Portfolio optimization techniques, such as those defined under Modern Portfolio Theory (MPT), are mildly predicated on the assumption of joint normality. Even though there will be a set of portfolio weights which minimizes variance regardless of the underlying distributions, correlation
is only a complete measure of association if the joint multivariate distribution is normal; i.e., covariance is only an exhaustive measure of co-movement if the joint distributions are themselves normal.
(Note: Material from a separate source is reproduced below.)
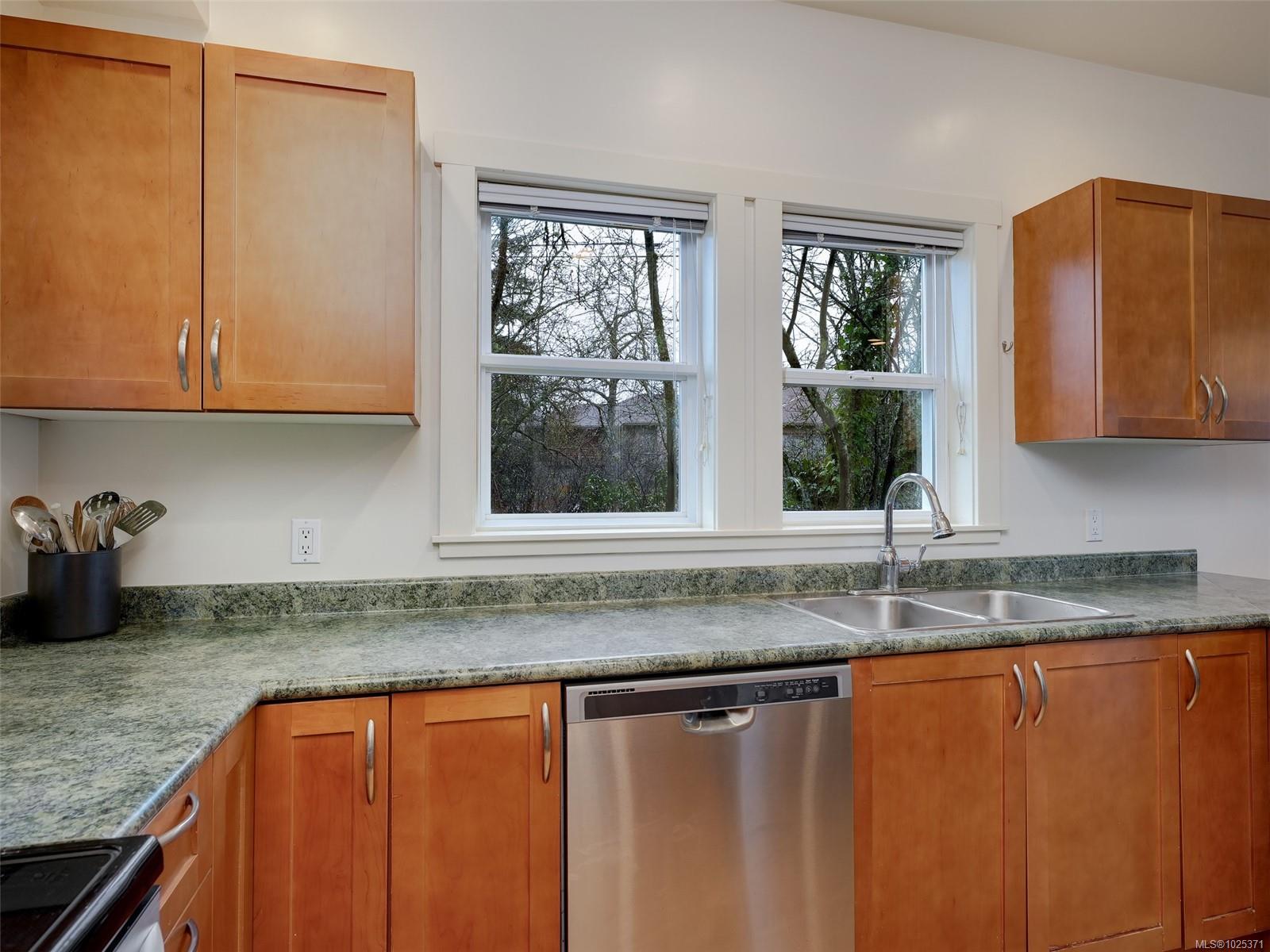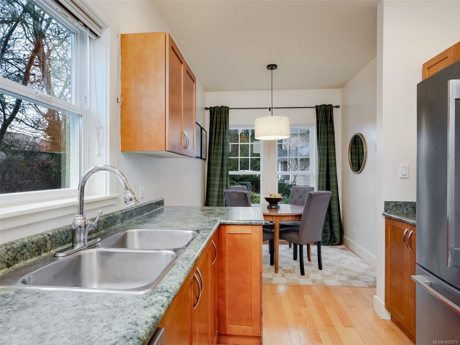 CENTRALLY LOCATED FAMILY HOME. Exceptional value this Royal Oak strata home featuring 4 bedrooms, 3 bathrooms. The primary bedroom is on the main floor with a walk-in closet and a 4 piece ensuite. Kitchen offers a cozy eating area with newer stainless steel appliances. The dining room is open to the living room with natural gas fireplace. A great space for entertaining with easy access to the sliding doors which opens to your private fenced yard. A perfect place for kids and pets to play. A 2 piece powder room, laundry and a single car garage finish off this level. Upstairs you will find 3 additional bedrooms, full 4 piece main bath. Close to Royal Oak and Broadmead Shopping, easy transit, Commonwealth Place, restaurants, and schools. Short commute to UVic, downtown, airport and ferries. Location can't be beat!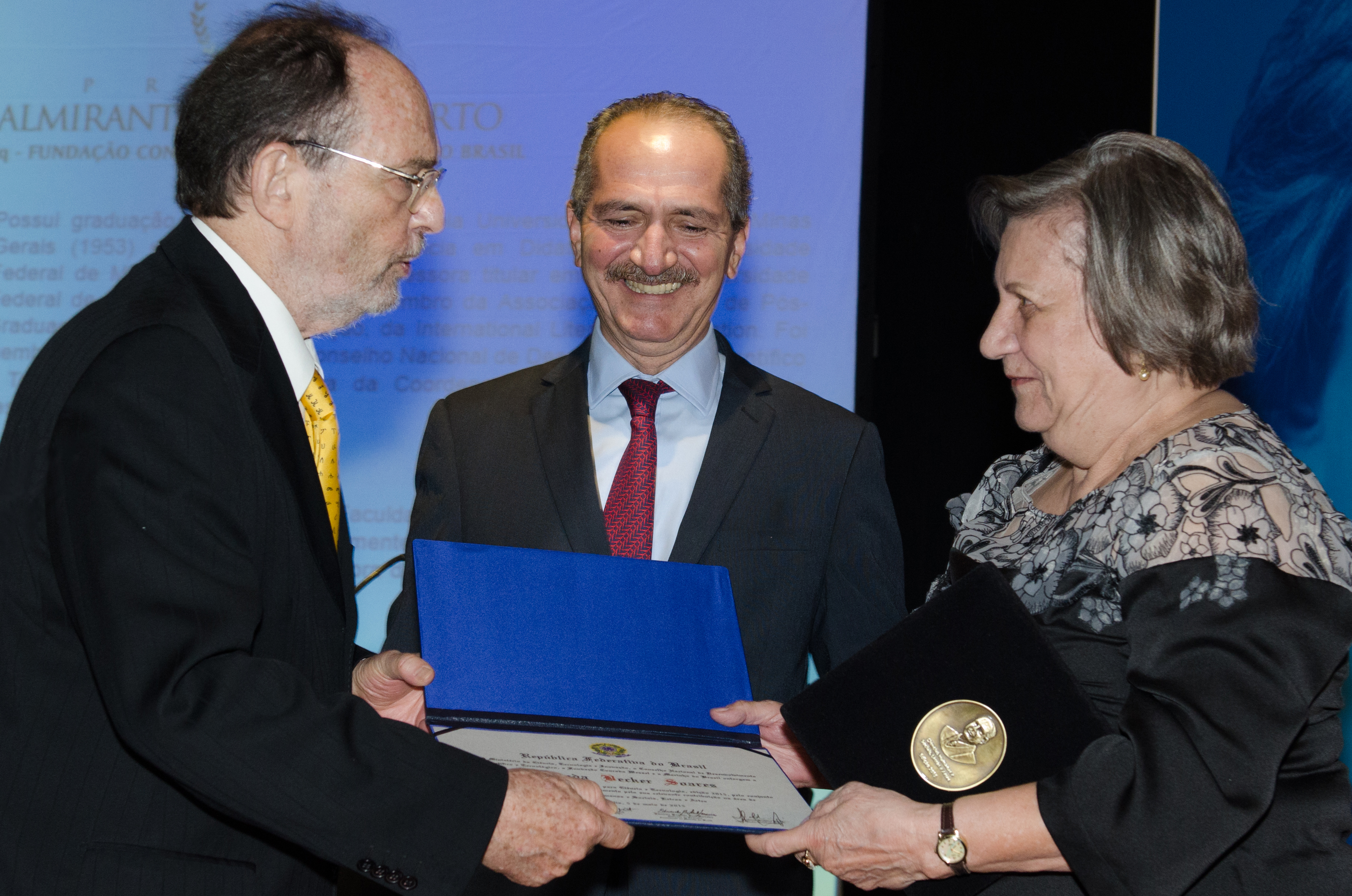 Profº Magda Soares recebendo o Prêmio Almirante Álvaro Alberto do CNPq, em 2015. Foto: ACS/CNPq

We can see this is true because the joint distribution of X and Y is defined by joint normality:
${\frac {1}{2\pi \sigma _{X}\sigma _{Y}{\sqrt {1-\rho ^{2}}}}}\iint _{X\,Y}\exp \left[-{\frac {1}{2(1-\rho ^{2})}}\left({\frac {X^{2}}{\sigma _{X}^{2}}}+{\frac {Y^{2}}{\sigma _{Y}^{2}}}-{\frac {2\rho XY}{\sigma _{X}\sigma _{Y}}}\right)\right]\,\mathrm {d} X\,\mathrm {d} Y$
Which through a proof can be show to produce:
$\sigma _{X+Y}={\sqrt {\sigma _{X}^{2}+\sigma _{Y}^{2}+2\rho \sigma _{X}\sigma _{Y}}},$
If now, we define $\omega_i \sigma^2_i=\sigma_X$, and $\omega_j \sigma^2_j=\sigma_Y$, then we get back the equation which is used as the basis of mean variance optimization of a two asset portfolio:
$\mathbb{E}[\sigma _{p}^{2}]=\omega_{i}^{2}\sigma _{i}^{2}+\omega_{j}^{2}\sigma _{j}^{2}+2\omega_{i}\omega_{j}\sigma _{i}\sigma _{j}\rho _{ij}$
So while the portfolio covariance matrix can always be computed, to the extent that underlying assets have returns which are not normal the optimization is likely to result in spuriously optimal weights.